24 January 2008

Havant and Waterlooville can't wait for Anfield


By Oliver Brown
23/01/2008


The sense of restlessness that has sparked Havant's remarkable surge through the rounds of this season's FA Cup could hardly be better embodied than by the club's general manager, Adrian Aymes, who, with one distinguished sports career to his name, might have chosen early retirement on the South Coast.
But, at 43, the former Hampshire wicketkeeper has impressed his formidable work ethic and fitness regime upon the Havant part-timers, galvanising them into dedicated athletes who
hold no fear of facing even Liverpool.
Of necessity, Aymes' duties at the Blue Square South club extend much further than physical conditioning. When he is not checking the floodlights at Havant's ramshackle Westleigh Park ground, he is carefully leafing through their allocation of 6,000 tickets for Saturday's Anfield adventure.
Where cricket made his name - and this is a man who could count Shane Warne and Malcolm Marshall among his team-mates - football plainly remains his game. Relishing the thought of the Liverpool test, Aymes, once a protege among Bristol Rovers reserves, admitted: "I'm so pleased for these players. They have their chance to play at a great stadium - it will be a once-in-a-lifetime experience."
An enjoyment of this most implausible Cup run can be detected in Aymes' every utterance. "I've seen too many gifted footballers not enjoy playing," said the 43-year-old, who has been instrumental in setting up an academy from which every youngster earns a diploma.
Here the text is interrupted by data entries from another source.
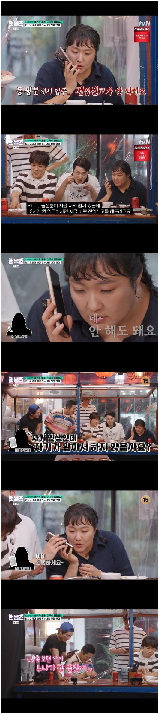 이수지는 이이경의 누나에게 보이스피싱 린쟈오밍 캐릭터로 속이려고 하기도 했다. 이수지는 “동생 분이 저랑 함께 있는데, 3천만 원 바로 입금하면 전입신고 가능한데 입금 바로 안 하시면 전입신고 안 돼요”라고 말해 모두를 놀라게 했으나, 이이경의 누나는 “안 해도 돼요. 자기 인생인데 자기가 알아서 하지 않을까요?”라며 싸늘하게 대꾸했다. 이수지는 사과했고, 이이경의 누나는 받아들였다.
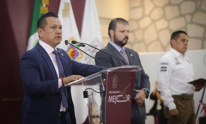 Morelia, Michoacán, a 9 de abril de 2026.- En rueda de prensa en Casa Michoacán, junto al gobernador del estado, Alfredo Ramírez Bedolla, y el secretario de Seguridad Pública Estatal, José Antonio Cruz Medina, el Fiscal General, Carlos Torres Piña, informó avances sustanciales en la investigación de los hechos registrados el pasado 24 de marzo en la Preparatoria “Antón Makárenko”, en Lázaro Cárdenas, donde un adolescente fue detenido tras privar de la vida a dos trabajadoras del plantel.
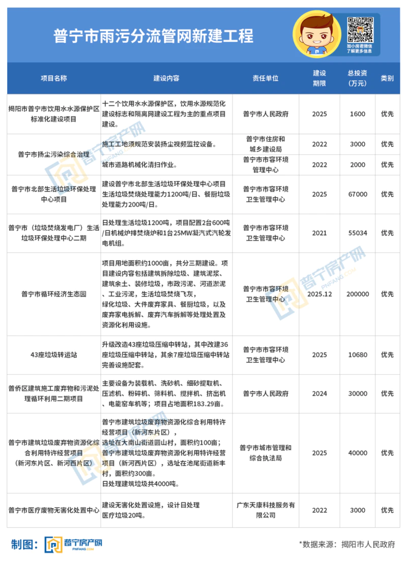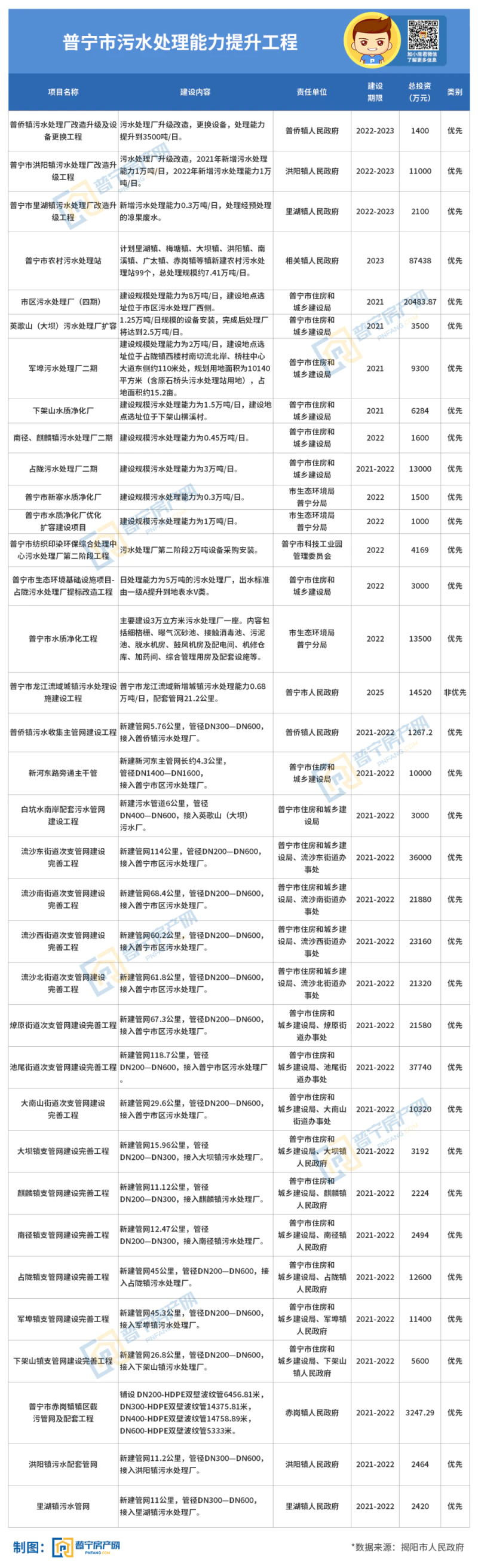 近日,揭阳市人民政府印发了揭阳市生态环境保护“十四五”规划的通知,据小房君了解,“十四五”时期生态环境保护工作中涉及普宁多项水环境保护重点工程,包括污水处理设施、污水管网建设、雨污分流管网建设、水环境综合整治等,具体内容如下:
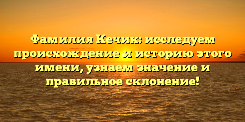 - Раскрываем тайны фамилии Кечик: происхождение, история и правильное склонение имени!
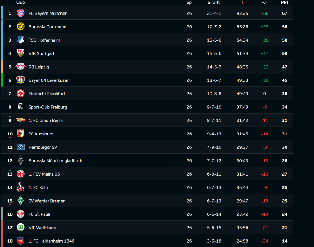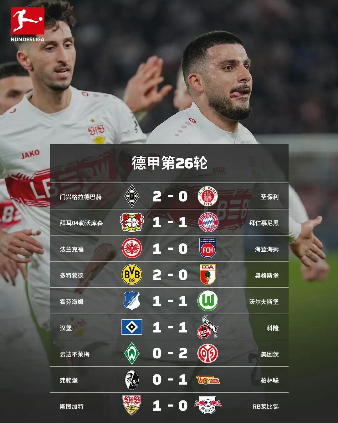 随着北京时间3月16日凌晨进行的欧冠席位的关键争夺战中,斯图加特1比0力克莱比锡,德甲第26轮全部比赛全部结束。被罚下2人的拜仁慕尼黑,在客场1比1艰难逼平勒沃库森;而多特蒙德2比0击退前来造访的奥格斯堡,将与拜仁的分差缩小至9分;霍芬海姆战平沃尔夫斯堡后积50分,而斯图加特赢球后积分也来到了50分,因净胜球劣势屈居第四;RB莱比锡积47分排名第五,勒沃库森积45分,本轮遗憾错失了反超莱比锡的机会。
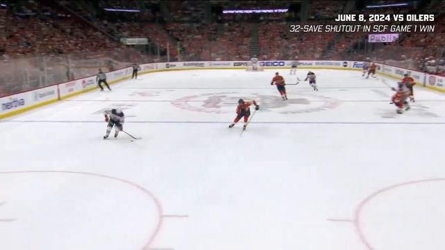10 - 3/31/22: 37-save shutout in 4-0 win vs. Chicago Blackhawks 9 - 2/10/24: 34-save shutout in 4-0 win vs. Colorado Avalanche 8 - 1/20/22: 40-save shutout in 6-0 win at Edmonton 7 - 10/13/22: 32 saves (14 high-danger) in 3-1 win at New York Islanders 6 - 5/22/24 (Game 1 of 24 ECF): 24-save shutout in 3-0 win at New York Rangers … 3.25 goals saved above expected. 5- 1/4/22: 47 saves (17 high-danger) in 6-2 win vs. Calgary Flames … 3.28 goals saved above expected 4- 6/8/24 (Game 1 of 24 SCF): 32-save shutout in 3-0 win vs. Edmonton Oilers … 3.74 goals saved above expected 3- 4/26/23 (Game 5 of 23 1st Round): 44 saves in 4-3 OT win at Boston Bruins … Series-saving stop on Brad Marchand at end of 3rd period 2- 5/18/23 (Game 1 of 23 ECF): 63 saves in 3-2 4OT win at Carolina Hurricanes … 5.22 goals saved above expected 1 - 6/24/24 (Game 7 of 24 SCF): 23 saves in 2-1 win vs. Edmonton Oilers to win Stanley Cup. Stay connected with the #FloridaPanthers: Subscribe https://www.youtube.com/@flapanthers?sub_confirmation=1 Instagram https://www.instagram.com/flapanthers/ TikTok https://www.tiktok.com/@flapanthers Twitter https://twitter.com/flapanthers Facebook https://www.facebook.com/flapanthers Website https://www.floridapanthers.com
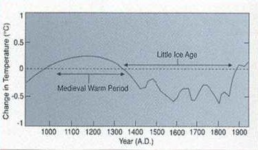 Figure 1 is from a paper published in the Journal Nature in 1998 and authored by 3 scientists. The graph demonstrates that global temperatures had been reasonably constant for a millennium up to the early twentieth century and then risen rapidly, particularly at the end of the century. This graphic was known as the "hockey stick graph' because of the shape.#1 The importance of this graph is that it was used in a UN report to put forward the claim for global warming. Prior to the UN report published in 2001, the existence of a warm period of about 500 years between c.950 and c.1450AD had not been contested or controversial. Figure 2 is the graphic that had previously been used. The hockey stick graph, produced by Mann et al was replaced by the IPCC to make it appear that there had been a dramatic increase in CO2 and temperature in recent years from manmade factors.
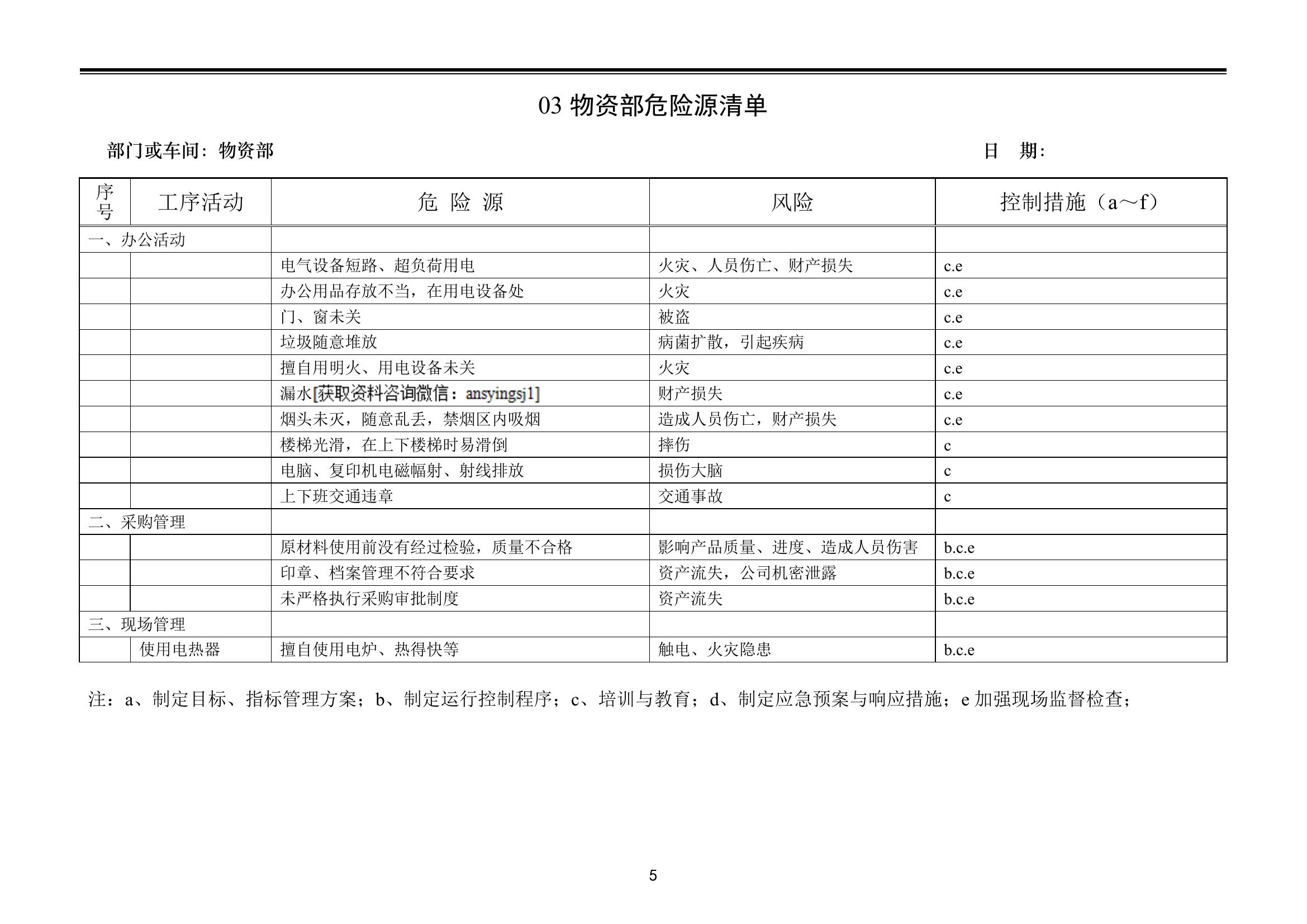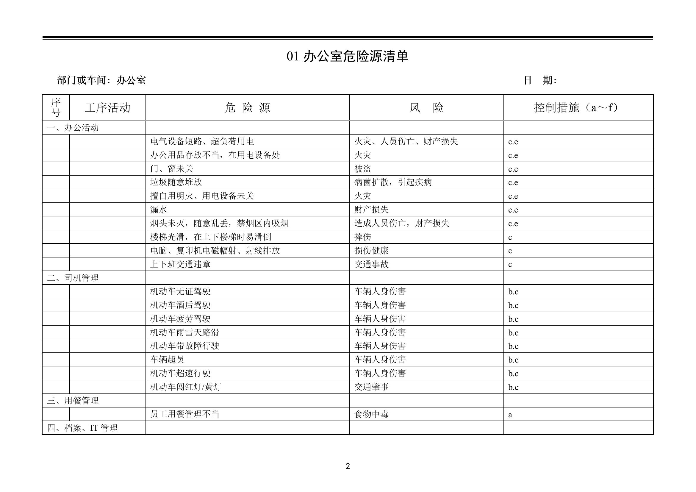 公司主要部門及車間危險源清單docx
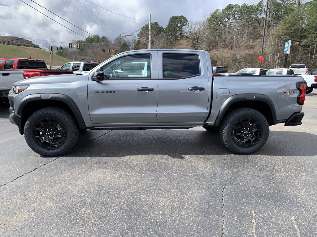 Sterling Gray Metallic 2026 Chevrolet Colorado Trail Boss 4WD 8-Speed Automatic 2.7L I4 Turbocharged DOHC 16V LEV3-ULEV50 310hp 4WD, 1st and 2nd Row All-Weather Floor Liner, 3.42 Rear Axle Ratio, 4-Way Manual Passenger Seat Adjuster, 4-Wheel Disc Brakes, 6 Speakers, 6-Speaker Audio System Feature, 6-Way Manual Driver Seat Adjuster, ABS brakes, Air Conditioning, Alloy wheels, AM/FM radio: SiriusXM with 360L, Apple CarPlay/Android Auto, Auto High-beam Headlights, Automatic Emergency Braking, Automatic temperature control, Black Nameplates, Black Spray-on Bedliner with Chevrolet Logo, Brake assist, Chevy Safety Assist, Cloth Seat Trim, Compass, Delay-off headlights, Driver door bin, Driver vanity mirror, Dual front impact airbags, Dual front side impact airbags, Electronic Stability Control, Emergency communication system: OnStar, Following Distance Indicator, Forward Collision Alert, Front anti-roll bar, Front Bucket Seats, Front Center Armrest, Front dual zone A/C, Front License Plate Kit, Front Pedestrian and Bicyclist Braking, Front wheel independent suspension, Heated door mirrors, Illuminated entry, IntelliBeam Automatic High Beam on/Off, Lane Keep Assist with Lane Departure Warning, Low tire pressure warning, Navigation System, Occupant sensing airbag, Outside temperature display, Overhead airbag, Overhead console, Panic alarm, Passenger door bin, Passenger vanity mirror, Power door mirrors, Power steering, Power windows, Preferred Equipment Group 0TR, Radio data system, Radio: 11.3' Diagonal Advanced Color LCD Display, Rear reading lights, Rear step bumper, Rear window defroster, Remote keyless entry, Security system, SiriusXM with 360L Trial Subscription, Speed control, Speed-sensing steering, Split folding rear seat, Steering Wheel Mounted Audio Controls, Steering wheel mounted audio controls, Tachometer, Tilt steering wheel, Traction control, Trip computer, Variably intermittent wipers, Wheels: 18' x 8.5' Black High Gloss Aluminum, Wheels: 20' x 9' High Gloss Black Aluminum, Wireless Phone Projection, 4WD. Recent Arrival! Price includes: $500 - Customer Cash. Exp. 03/31/2026
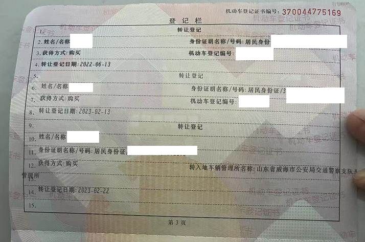 车辆归属地 山东省威海市 车辆停放仓库 山东省威海市
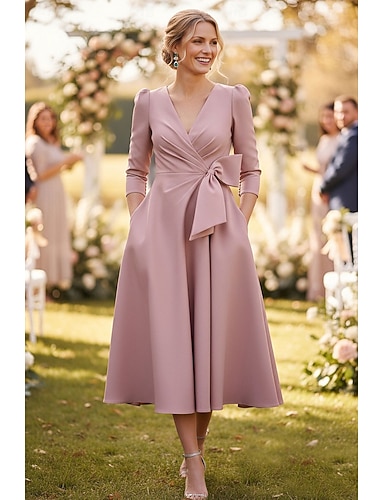 Ligne A Longueur thé Robe de Soirée Robe de Cocktail Robe d'invité de mariage Robe de Mère de Mariée Manche 3/4 Col en V Élégant ancien Formel Satin avec Noeud(s) Froncé

Such a project seems to define Havant, modest in means but extreme in ambitions.
With a 30 per cent share promised of the £800,000 in Anfield gate receipts, Aymes can only feel more empowered - indeed, he reflects that the money will be more than enough to ensure long-term stability and perhaps even a football in the community scheme.
advertisement
He is an earnest disciple of peak fitness in non-League football, as attested by goalkeeper (and bricklayer) Kevin Scriven's sacrifice of spending almost every morning in weight training.
Such an attitude can be found elsewhere in the team. Tom Jordan, son of Portsmouth assistant manager Joe Jordan, is a fitness trainer who can count Carol Vorderman among his clients.
Aymes has sensed the terror that has struck Havant's opponents throughout this Cup campaign. Once Notts County were vanquished in the second round, his prediction that Swansea City would be distracted by the apparent slenderness of their opposition proved eerily prescient.
"Football was my first love," he claims, and the affection is echoed in the passion of his players' Cup performances.

No comments:

EVA MENDEZ IS A KOP?

EVA MENDEZ IS A KOP?

The GOLDEN Team of Kenny Daglish

The GOLDEN Team of Kenny Daglish
If we have them now, say farewell to Arsenal, Man.U and Chelsea... if...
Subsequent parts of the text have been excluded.